Before we turn to my text for this message let me toss some things up into the air for your consideration concerning the existence of God and the fact that He is invisible. There are invisible things within our universe; we all readily acknowledge that. So how about the existence of yet one more Who is invisible? Is that such a reach for the reasonable person? Not at all. These things I mentioned a few moments ago; air, electricity, atomic particles and such, are not really invisible. They certainly are visible, but not using the spectrum of light that our eyes are capable of sensing. Additionally, air molecules, electrons (which are sub atomic particles), and atomic particles certainly are perceptible. It is just that our five senses are not so finely tuned that things that tiny can be detected by us without mechanical aids, such as scanning electron microscopes and even more sophisticated hardware. These things are invisible to us because our five senses are too crude to detect them unless the air is moving rapidly and we hear the wind, or the electrons are arcing and we get a shock.

When I refer to God being invisible, however, it is not because He is too small. I can assure you of that. If it was a size consideration, God would be invisible because He is far too large. But it is not a size consideration. The reason God is invisible is because He is not made of stuff. Think about it with me. We see things because light strikes stuff and some of the light reflecting off of the stuff is gathered by our eyes. We feel stuff that stimulates the nerve endings just under the surface our skin. We hear noise produced by vibrating stuff that vibrates the air and so vibrates our ear drums. We taste with the taste buds on our tongues that react to certain chemicals that stuff is made of that produces taste. Smell comes from extremely small amounts of floating stuff in the air inhaled up our noses and coming in contact with our olfactory organs. In each case except for our eyes, our senses work off of some type of contact with different stuff to produce taste, feel, hearing, or smelling. And with eyes, it is our one sense that is affected by light bouncing off of stuff. But what happens with your senses when they come up against something that is not made of stuff? That is the reason why God is invisible to us; He is not comprised of stuff. He created stuff (time and energy and matter), but He Himself is none of those things. Therefore, not only can He not ordinarily be seen, He cannot ordinarily be tasted, felt, smelled, or heard either. You see, our human senses simply do not work on God because He is nothing like anything our senses were created to deal with, which is physical reality. God, you see (actually, we don’t see), is a spirit.[1]

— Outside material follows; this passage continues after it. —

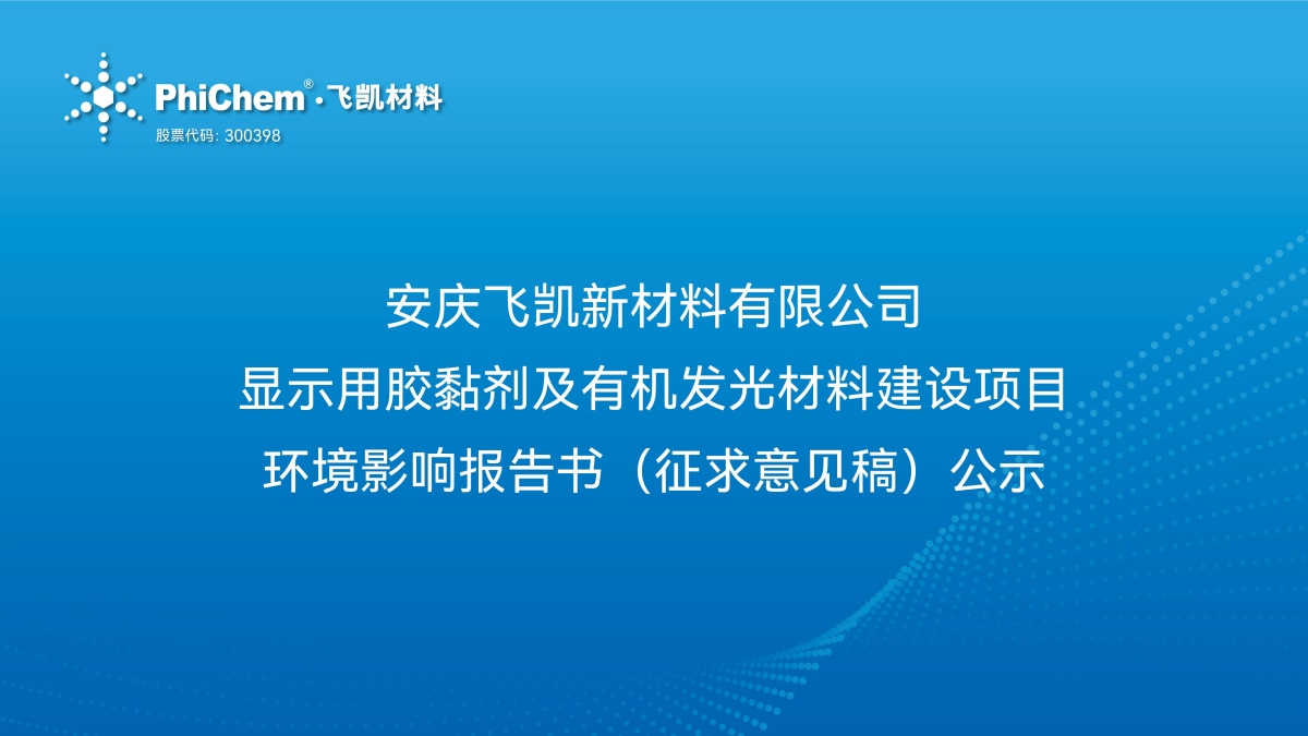 目前《安庆飞凯新材料有限公司显示用胶黏剂及有机发光材料建设项目环境影响报告书》(征求意见稿)已形成,建设单位现将征求意见稿进行公示,并征求公众意见。

Because God is a spirit and does not consist of stuff, He has determined that our dealings with Him are to be on the basis of something the Bible terms faith instead of the five senses of sight, hearing, smell, touch, and taste. Every interaction we have with other human beings, and every aspect of our interaction with the physical universe in which we live, is accomplished by means of our five senses, or the technology we have invented to improve our five senses (such as telescopes and microscopes and eye glasses to improve our eyesight, and hearing aids to improve our hearing). But not with God. He is different. And because He is different He has determined that our interactions with Him are to take place on the basis of something other than our five senses. With very rare exceptions, He cannot be seen; or smelled, tasted, touched, or heard either. What is that basis for dealing with God as with no other? Let me say it again, it is faith. It is interesting to me that though faith is very important in the Bible, it is nowhere in the Bible defined. Described, to be sure, but nowhere precisely defined.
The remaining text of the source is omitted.